In the refresher booth skillful robot fingers helped Lars ease off his travel-stained uniform, picked through his pack for disposables and discarded them all with a whoosh down the disposal chute. As new clothing popped out of the slot Lars stepped into the shower stall, still glowing from his daydream. He relaxed as sheets of warm water and detergent sponges enveloped him. Even five years of intensive study and preparation at the Academy could never truly prepare a man for space—this was understood from the start—and neither could they explain in advance the feeling of tension and excitement, the indescribable fever of wonder and adventure that took possession of you the hour before you stepped aboard a Star Ship for your first Officer-in-Training assignment.

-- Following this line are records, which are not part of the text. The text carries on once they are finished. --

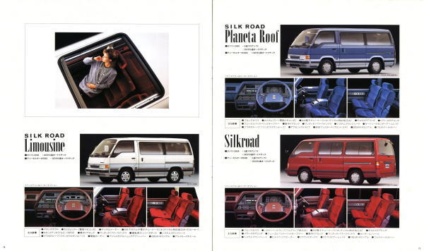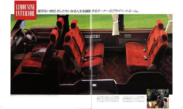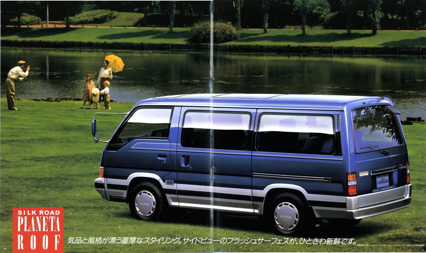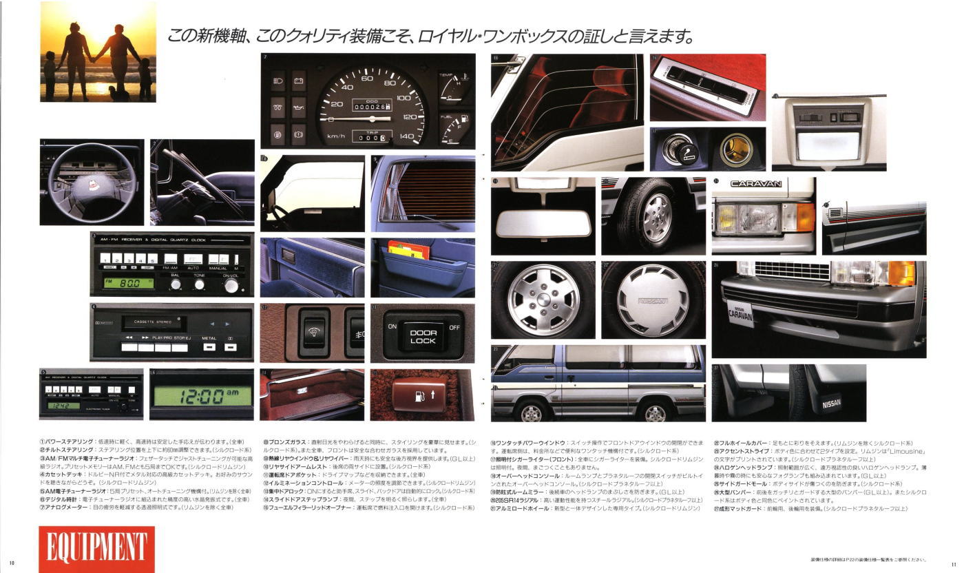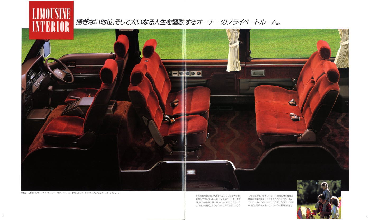 1986年に日産から発売された3代目キャラバン・コーチ(E24型)です。「最高級のロイヤル・ワンボックス」というキャッチコピーが使われている通り、当時の好景気を反映して豪華な内装をこれ見よがしにPRしていますね。
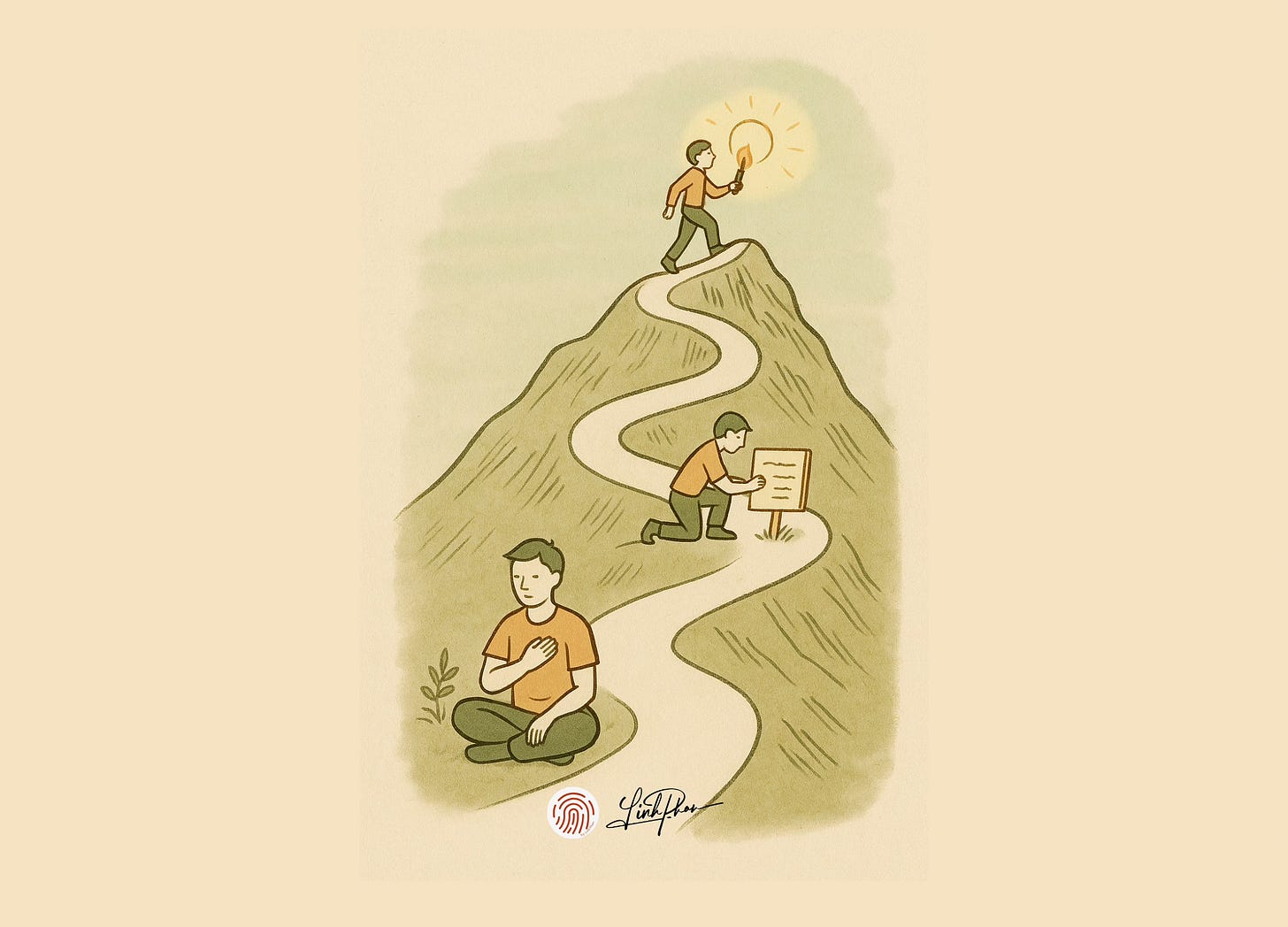 Hãy hình dung self-authorship như một cuộc leo núi. Bạn không thể nhảy từ chân núi lên đỉnh ngay lập tức. Mỗi giai đoạn là một trạm dừng, nơi bạn cần thời gian, sức lực và sự quan sát để thích nghi trước khi tiếp tục đi lên.
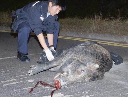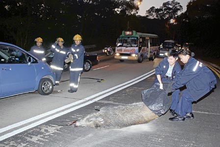 這頭大野豬近5呎長(zhǎng),雄性,重約400磅,體型非常巨大,需5名消防員合力才勉強(qiáng)將豬尸移到路邊草叢,等候香港食環(huán)署人員拉走處理。
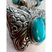 This enchanting butterfly necklace brings a touch of whimsy to any outfit! Crafted from ornate Tibetan silver, it features a stunning turquoise center stone surrounded by complementary turquoise and silver beads, all hand-strung with care. The intricate detailing and natural beauty of the turquoise make this piece a conversation starter that celebrates both artistry and nature's charm. Perfect for adding personality to your everyday look or layering with other favorites.

He had tried to explain it to Dad during the two-week graduation furlough from which he was just returning. It had been good to be home again for a few days, good to feel the warm winds coming up from the south, good to feel the bite of a pick once again in the rocky north-central Greenland soil. The farm was the same as he had remembered it, the heavy house built of glacial rock, the huge granite fireplace, the outbuildings, the fields of wheat spreading forth for miles in every direction. Dad had seemed unchanged, too, his face burned red and seamed by the wind, his hands rough and brown. Mom looked older and more tired, her eyes bright with worry as she greeted her son, but she had smiled through the worry, refusing to say a word to dampen his enthusiasm for his new assignment.

He had spent the first days with old Black, the huge Labrador who guarded the farm against all assailants, hiking the hills and valleys he remembered so well from his childhood. But he knew the question” would come, and presently it did as he sat with Dad before the fire one night after dinner.

“Why do you want to go?” his father had asked him. “What are you looking for, Lars? What do you think you’re going to find out there on a Star Ship that you won’t find right here at home?”

Lars had grinned, a little embarrassed. Just like Dad, he thought, to dispense with preliminaries and speak his mind bluntly. “I don’t know, for sure. I just know I’ve got to do it. I want to go where nobody ever went before. I want to do things that nobody else has ever done, or ever could do.” He patted Black’s massive head, felt the dog muzzle his hand affectionately. “Black knows why I want to go. Ask him why he always wants to see what the other side of a hill looks like.”

“And you have to go on a Star Ship for this?” Dad lit his pipe and watched his son’s face carefully. “You think all the frontiers are out there? You’re wrong, son. Look at our farm, our Greenland. Why, in your Grandfather Heldrigsson’s day our whole Greenland was an icecap!”

Lars shrugged. “The weather technicians—” he said.